Keep the images out and set the listing below down word for word.

__Given data__.
--*--
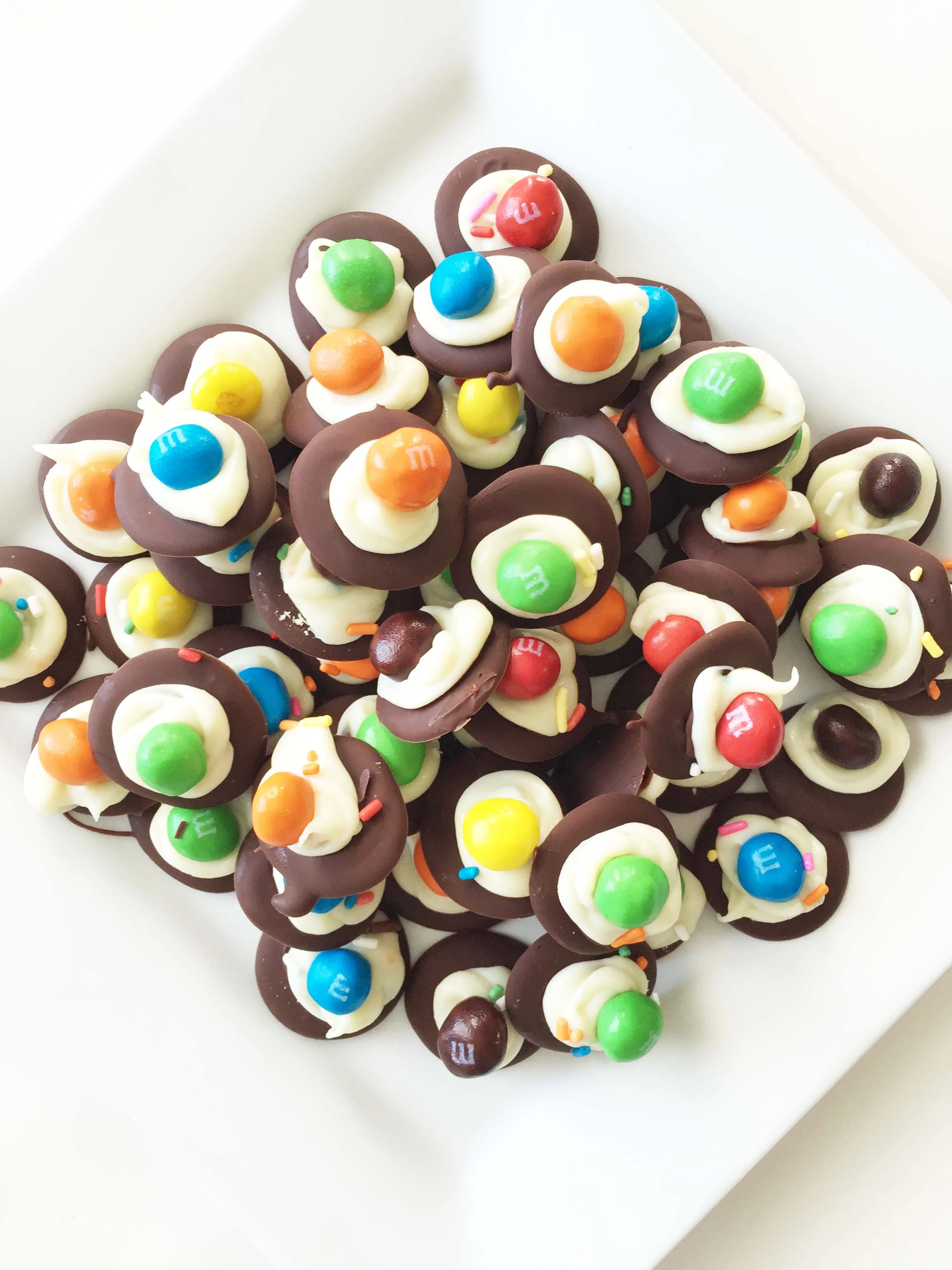 Top with a few sprinkles and place one M&M's® Crispy onto of each bite; press down slightly to set it in the white chocolate
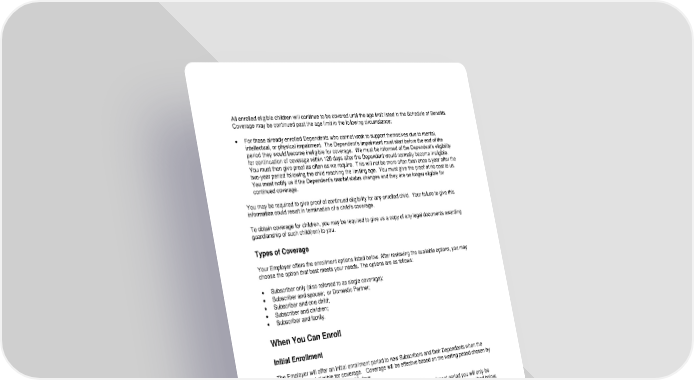 92 All enrolled eligible children will continue to be covered until the age limit listed in the Schedule of Benefits. Coverage may be continued past the age limit in the following circumstance: • For those already enrolled Dependents who cannot work to support themselves due to mental, intellectual, or physical impairment. The Dependent’s impairment must start before the end of the period they would become ineligible for coverage. We must be informed of the Dependent’s eligibility for continuation of coverage within 120 days after the Dependent would normally become ineligible. You must then give proof as often as we require. This will not be more often than once a year after the two-year period following the child reaching the limiting age. You must give the proof at no cost to us. You must notify us if the Dependent’s marital status changes and they are no longer eligible for continued coverage. You may be required to give proof of continued eligibility for any enrolled child. Your failure to give this information could result in termination of a child’s coverage. To obtain coverage for children, you may be required to give us a copy of any legal documents awarding guardianship of such child(ren) to you. Types of Coverage Your Employer offers the enrollment options listed below. After reviewing the available options, you may choose the option that best meets your needs. The options are as follows: • Subscriber only (also referred to as single coverage); • Subscriber and spouse; or Domestic Partner; • Subscriber and one child; • Subscriber and children; • Subscriber and family. When You Can Enroll Initial Enrollment The Employer will offer an initial enrollment period to new Subscribers and their Dependents when the Subscriber is first eligible for coverage. Coverage will be effective based on the waiting period chosen by the Employer, and will not exceed 90 days. If you did not enroll yourself and/or your Dependents during the initial enrollment period you will only be able to enroll during an Open Enrollment period or during a Special Enrollment period, as described below. Open Enrollment Open Enrollment refers to a period of time, usually 60 days, during which eligible Subscribers and Dependents can apply for or change coverage. Open Enrollment occurs only once per year. The Employer will notify you when Open Enrollment is available. Special Enrollment Periods If a Subscriber or Dependent does not apply for coverage when they were first eligible, they may be able to join the Plan prior to Open Enrollment if they qualify for Special Enrollment. Except as noted otherwise below, the Subscriber or Dependent must request Special Enrollment within 31 days of a qualifying event.
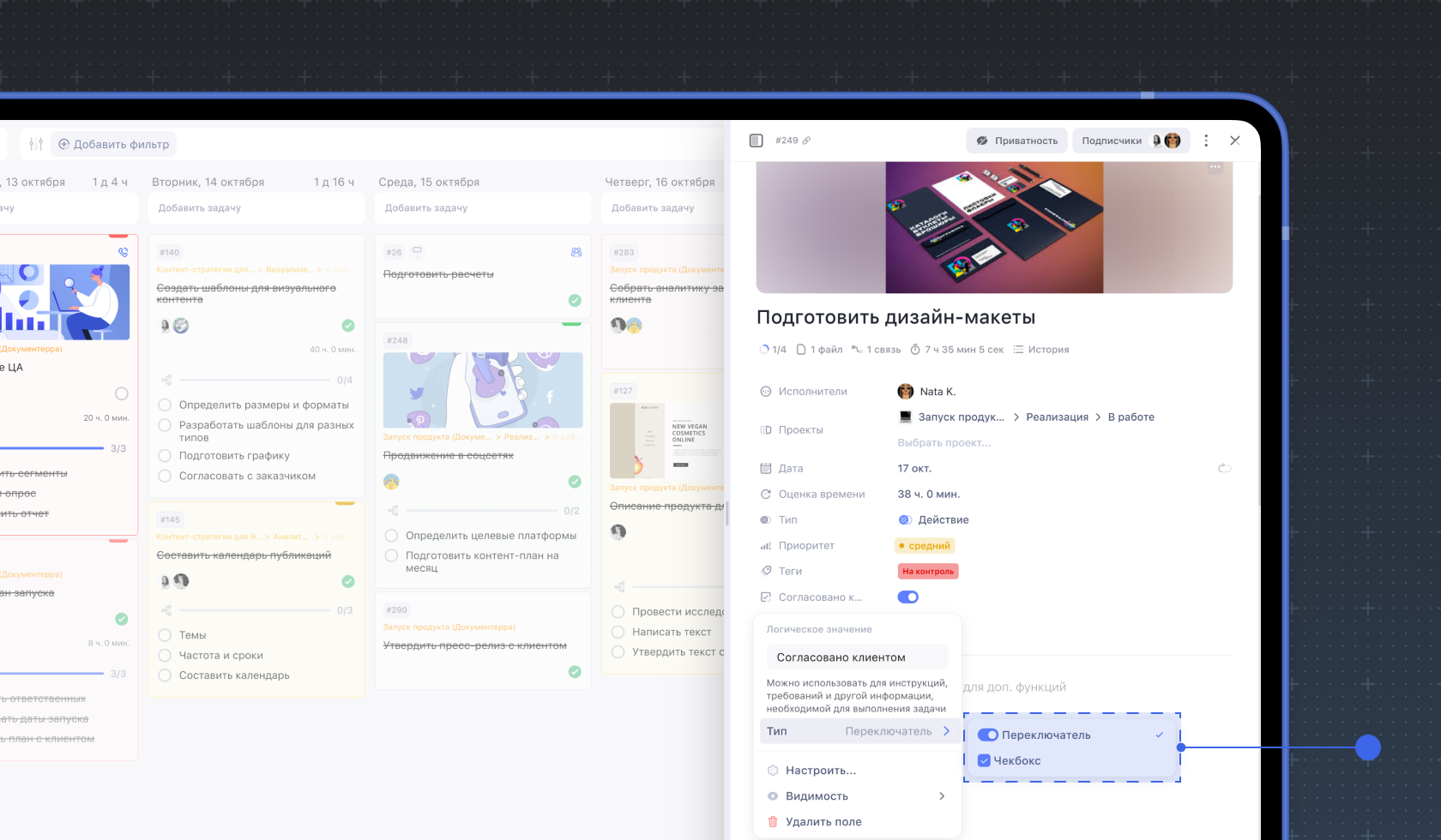 2. Логическое значение. Значение по типу да/нет, визуально выглядит как переключатель. Можно использовать, например, для отображения согласования или сдачи проекта
--*--
__Expected output__.
 Top with a few sprinkles and place one M&M's® Crispy onto of each bite; press down slightly to set it in the white chocolate
 92 All enrolled eligible children will continue to be covered until the age limit listed in the Schedule of Benefits. Coverage may be continued past the age limit in the following circumstance: • For those already enrolled Dependents who cannot work to support themselves due to mental, intellectual, or physical impairment. The Dependent’s impairment must start before the end of the period they would become ineligible for coverage. We must be informed of the Dependent’s eligibility for continuation of coverage within 120 days after the Dependent would normally become ineligible. You must then give proof as often as we require. This will not be more often than once a year after the two-year period following the child reaching the limiting age. You must give the proof at no cost to us. You must notify us if the Dependent’s marital status changes and they are no longer eligible for continued coverage. You may be required to give proof of continued eligibility for any enrolled child. Your failure to give this information could result in termination of a child’s coverage. To obtain coverage for children, you may be required to give us a copy of any legal documents awarding guardianship of such child(ren) to you. Types of Coverage Your Employer offers the enrollment options listed below. After reviewing the available options, you may choose the option that best meets your needs. The options are as follows: • Subscriber only (also referred to as single coverage); • Subscriber and spouse; or Domestic Partner; • Subscriber and one child; • Subscriber and children; • Subscriber and family. When You Can Enroll Initial Enrollment The Employer will offer an initial enrollment period to new Subscribers and their Dependents when the Subscriber is first eligible for coverage. Coverage will be effective based on the waiting period chosen by the Employer, and will not exceed 90 days. If you did not enroll yourself and/or your Dependents during the initial enrollment period you will only be able to enroll during an Open Enrollment period or during a Special Enrollment period, as described below. Open Enrollment Open Enrollment refers to a period of time, usually 60 days, during which eligible Subscribers and Dependents can apply for or change coverage. Open Enrollment occurs only once per year. The Employer will notify you when Open Enrollment is available. Special Enrollment Periods If a Subscriber or Dependent does not apply for coverage when they were first eligible, they may be able to join the Plan prior to Open Enrollment if they qualify for Special Enrollment. Except as noted otherwise below, the Subscriber or Dependent must request Special Enrollment within 31 days of a qualifying event.
 2. Логическое значение. Значение по типу да/нет, визуально выглядит как переключатель. Можно использовать, например, для отображения согласования или сдачи проекта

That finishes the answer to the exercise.